Claude Code session                     CodeBrain MCP server              Local machine
─────────────────────      stdio       ───────────────────                ─────────────
Claude delegates a         ────────►   codebrain_generate()     ────►    Ollama HTTP
bulk / polish task                     codebrain_explain()                (localhost:11434)
                                       codebrain_status()                      │
                                                                                ▼
                                                                        Qwen2.5-Coder 14B
                                                                              (GPU)
Claude reviews,            ◄────────   tool result string        ◄────    streamed response
applies, or pushes back

Nine tools are exposed today:

Tool	When Claude would reach for it
`codebrain_generate(prompt, system, use_brain)`	Bulk content, boilerplate, repetitive transformations, first drafts
`codebrain_batch_generate(prompts, system, use_brain)`	N prompts with one shared system message, serial execution, index-stable errors so one failure doesn't abort the batch
`codebrain_polish(text, instructions, use_brain)`	Targeted transform over existing text — shorten, rephrase, translate, tighten.
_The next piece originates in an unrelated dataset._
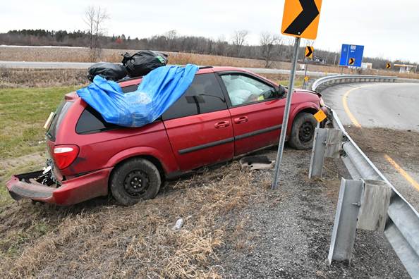 Sur les lieux, une Dodge Grand Caravan rouge accidentée était immobilisée contre la glissière de sécurité de la bretelle de sortie en direction ouest. Dans l’herbe, il y avait des marques de pneus partant de la bretelle d’accès et traversant l’aire gazonnée entre la bretelle d’accès et la bretelle de sortie. Le véhicule était immobilisé contre la partie extérieure de la glissière de sécurité métallique. Ce véhicule semblait avoir roulé en direction est sur l’autoroute 401 dans les voies de circulation en direction ouest et avoir emprunté la bretelle d’accès pour sortir de l’autoroute. Le véhicule avait roulé en sens inverse sur la bretelle d’accès en direction ouest, à grande vitesse, jusqu’à ce que le conducteur perde le contrôle et heurte la glissière de sécurité protégeant la bretelle de sortie en direction ouest.
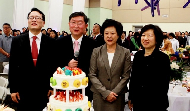 ▲ 손인식 목사 북한선교사 파송예배 및 송별예배가 지난 15일 오후 5시 베델한인교회서 열렸다. 이날 ‘감사합니다’라고 쓴 케익 앞에선 후임 김한요 목사(왼쪽부터), 손인식 목사, 손승옥 사모, 그리고 김한요 목사의 부인 김정연 사모.

Auto-retries on no-op output.
`codebrain_explain(code, question)`	Quick read-only explanations without burning Claude context
`codebrain_generate_verified(prompt, min_words, max_words, must_match, max_retries)`	Generation with deterministic verifier loop: word-count / regex-schema checks, tightened-instruction retry on violation
`codebrain_consensus_generate(prompt, n)`	N candidates + judge call → best single output. Use on high-variance tasks.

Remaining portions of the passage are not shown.